[Start of Attachment]

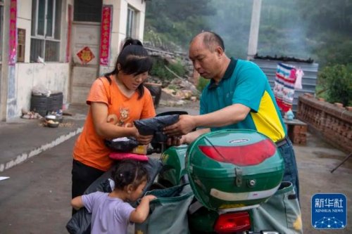 在山西省壶关县大峡谷镇师家背村,赵月芳为村民送件(7月14日摄)。新华社记者 杨晨光 摄
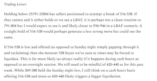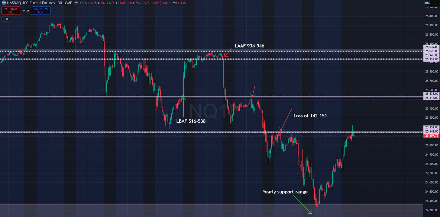 In this past week’s plan, I questioned if we would see a risk transmission into equities following the last Friday’s move in precious metals. On Sunday night we saw a massive selloff in equities driven by South Korean markets which triggered what I’ll refer to (shorthand) as a soft halt. This led to a spectacular recovery and ultimately a short squeeze on Monday as NQ opened above our major weekly level 25516-25538. This rip higher then triggered the weekly short setup, a look above and fail of 25934-25946. The ensuing selloff took NQ below the critical 516-538 range, which then accelerated as expected below 25142-25151. By Thursday’s low it was time to be fully covered on shorts, and I was out of all futures shorts, March QQQ puts, and SPY puts.
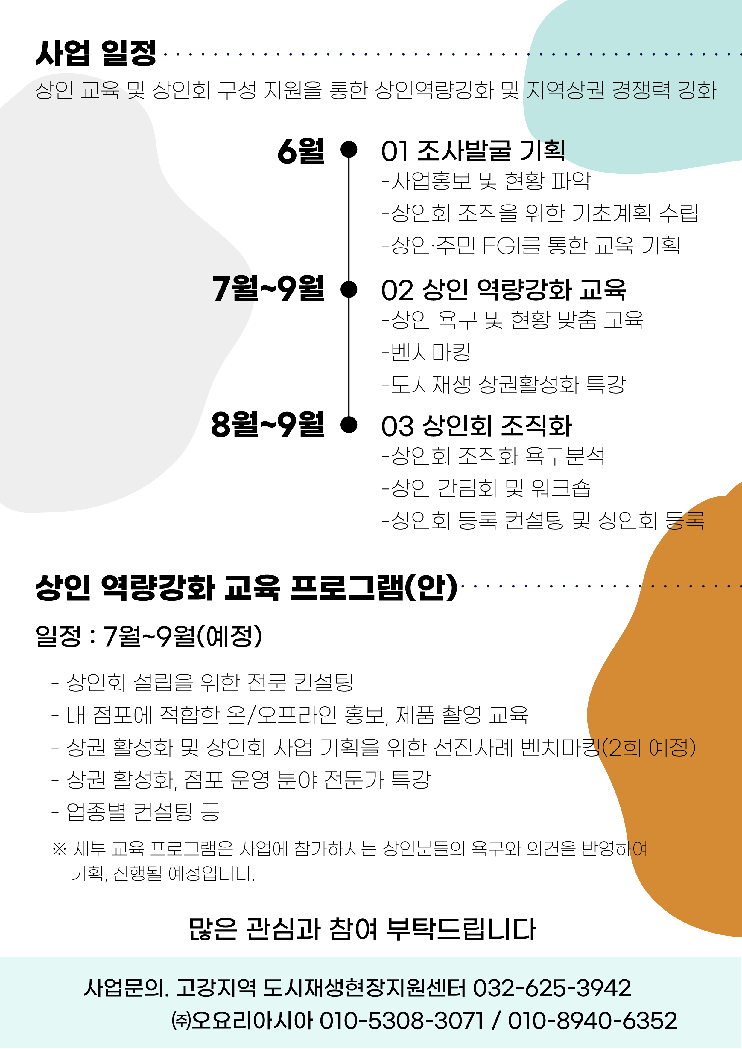 - 지역경제 활성화, 경쟁력 강화를 위해 시장/상점가 상인을 대상으로 교육을 하고 상인회 구성 지원을 하는 사업을 말합니다.
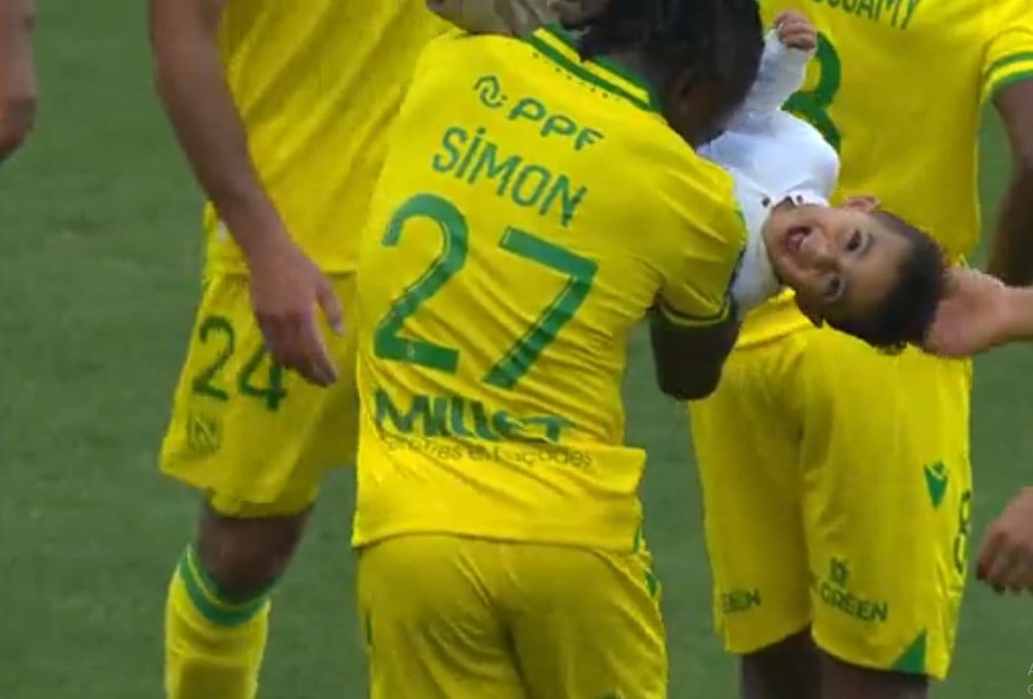 وحمل النيجيري موسيس سيمون مهاجم نانت، عُدي مصطفى محمد بعد نهاية مباراة نانت أمس أمام لوريان للاحتفال واللعب معه، في وصلة هزار مميزة أثارت إعجاب رواد مواقع التواصل الاجتماعي.
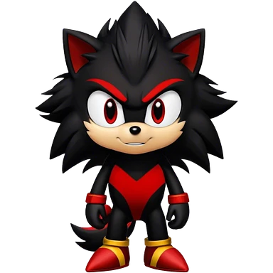 Shadow the Hedgehog with black fur, red stripes, white chest fur, and red eyes emoji

[End of Attachment]

Description of the task: In the copy, include every record exactly and no pictures.

Written solution:
 在山西省壶关县大峡谷镇师家背村,赵月芳为村民送件(7月14日摄)。新华社记者 杨晨光 摄
 In this past week’s plan, I questioned if we would see a risk transmission into equities following the last Friday’s move in precious metals. On Sunday night we saw a massive selloff in equities driven by South Korean markets which triggered what I’ll refer to (shorthand) as a soft halt. This led to a spectacular recovery and ultimately a short squeeze on Monday as NQ opened above our major weekly level 25516-25538. This rip higher then triggered the weekly short setup, a look above and fail of 25934-25946. The ensuing selloff took NQ below the critical 516-538 range, which then accelerated as expected below 25142-25151. By Thursday’s low it was time to be fully covered on shorts, and I was out of all futures shorts, March QQQ puts, and SPY puts.
 - 지역경제 활성화, 경쟁력 강화를 위해 시장/상점가 상인을 대상으로 교육을 하고 상인회 구성 지원을 하는 사업을 말합니다.
 وحمل النيجيري موسيس سيمون مهاجم نانت، عُدي مصطفى محمد بعد نهاية مباراة نانت أمس أمام لوريان للاحتفال واللعب معه، في وصلة هزار مميزة أثارت إعجاب رواد مواقع التواصل الاجتماعي.
 Shadow the Hedgehog with black fur, red stripes, white chest fur, and red eyes emoji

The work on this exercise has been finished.